- Entries supplied -
.....

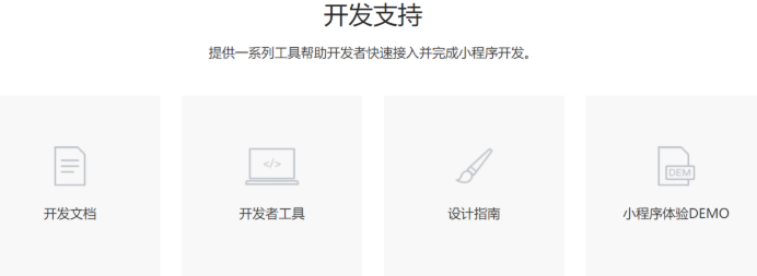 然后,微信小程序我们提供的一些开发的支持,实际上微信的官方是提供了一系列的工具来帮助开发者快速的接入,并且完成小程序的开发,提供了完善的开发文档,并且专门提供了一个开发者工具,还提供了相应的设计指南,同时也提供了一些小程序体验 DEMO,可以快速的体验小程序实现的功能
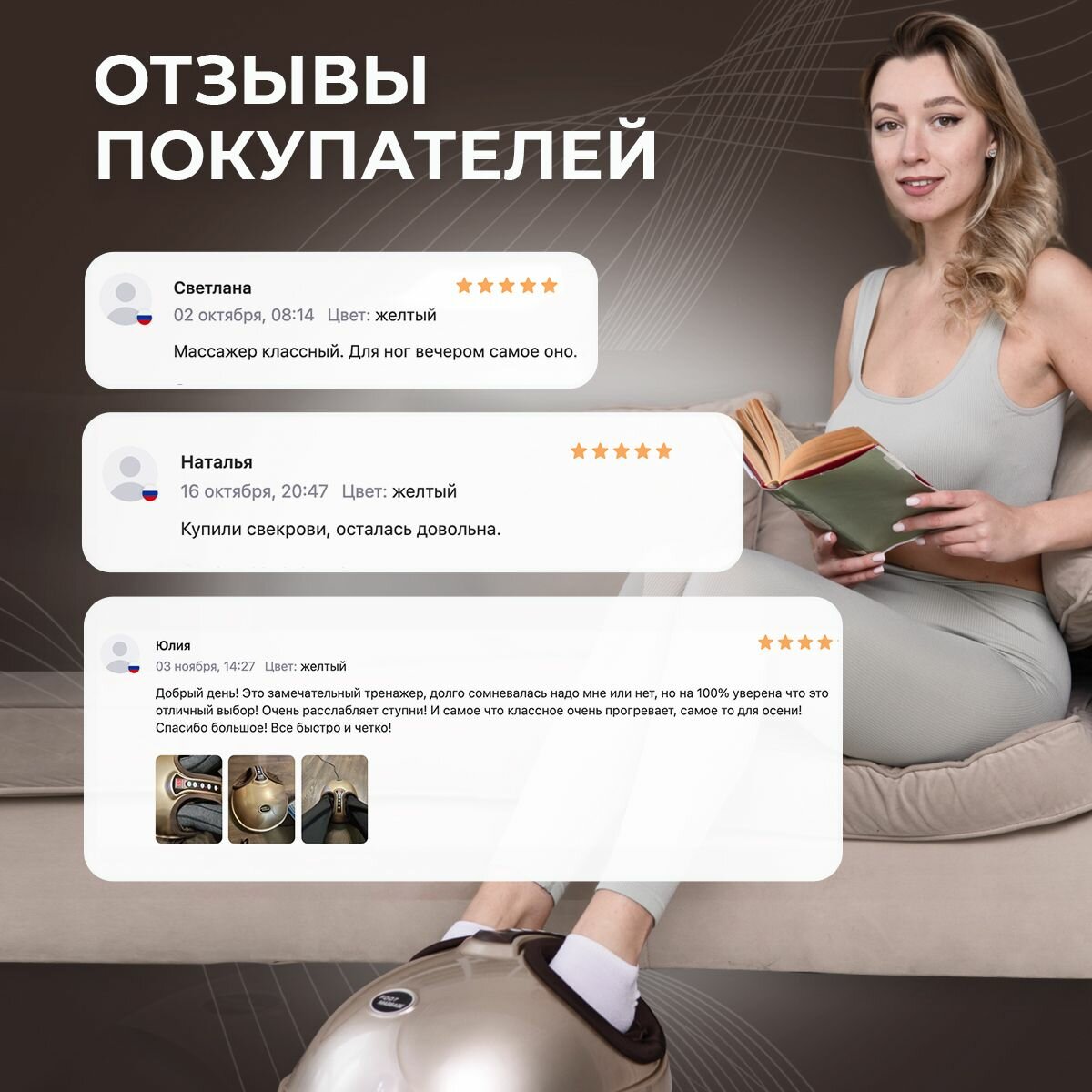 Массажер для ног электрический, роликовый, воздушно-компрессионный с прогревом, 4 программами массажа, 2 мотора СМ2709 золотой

.....

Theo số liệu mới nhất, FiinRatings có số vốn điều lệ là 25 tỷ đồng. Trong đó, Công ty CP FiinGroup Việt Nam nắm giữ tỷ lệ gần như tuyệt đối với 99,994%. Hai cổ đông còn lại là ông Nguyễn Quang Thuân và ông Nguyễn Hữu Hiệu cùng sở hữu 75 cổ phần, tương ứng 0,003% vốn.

.....

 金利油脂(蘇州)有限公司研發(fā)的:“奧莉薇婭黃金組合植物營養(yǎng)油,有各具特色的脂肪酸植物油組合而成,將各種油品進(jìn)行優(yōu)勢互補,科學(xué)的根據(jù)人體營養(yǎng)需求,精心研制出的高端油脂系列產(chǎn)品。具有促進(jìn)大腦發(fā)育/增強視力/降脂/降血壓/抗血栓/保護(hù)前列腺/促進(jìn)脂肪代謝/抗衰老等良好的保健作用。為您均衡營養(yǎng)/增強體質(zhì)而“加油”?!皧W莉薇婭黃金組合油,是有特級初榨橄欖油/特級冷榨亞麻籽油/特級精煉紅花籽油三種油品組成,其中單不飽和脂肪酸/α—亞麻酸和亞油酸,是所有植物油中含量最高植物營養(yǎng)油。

.....

- Task to complete -
Your reply should hold nothing but the lines above, from the one containing "然后,微信小程序我们提供的一" to the one containing "Массажер для ног", reproduced exactly minus the pictures.

- Answer space -
 然后,微信小程序我们提供的一些开发的支持,实际上微信的官方是提供了一系列的工具来帮助开发者快速的接入,并且完成小程序的开发,提供了完善的开发文档,并且专门提供了一个开发者工具,还提供了相应的设计指南,同时也提供了一些小程序体验 DEMO,可以快速的体验小程序实现的功能
 Массажер для ног электрический, роликовый, воздушно-компрессионный с прогревом, 4 программами массажа, 2 мотора СМ2709 золотой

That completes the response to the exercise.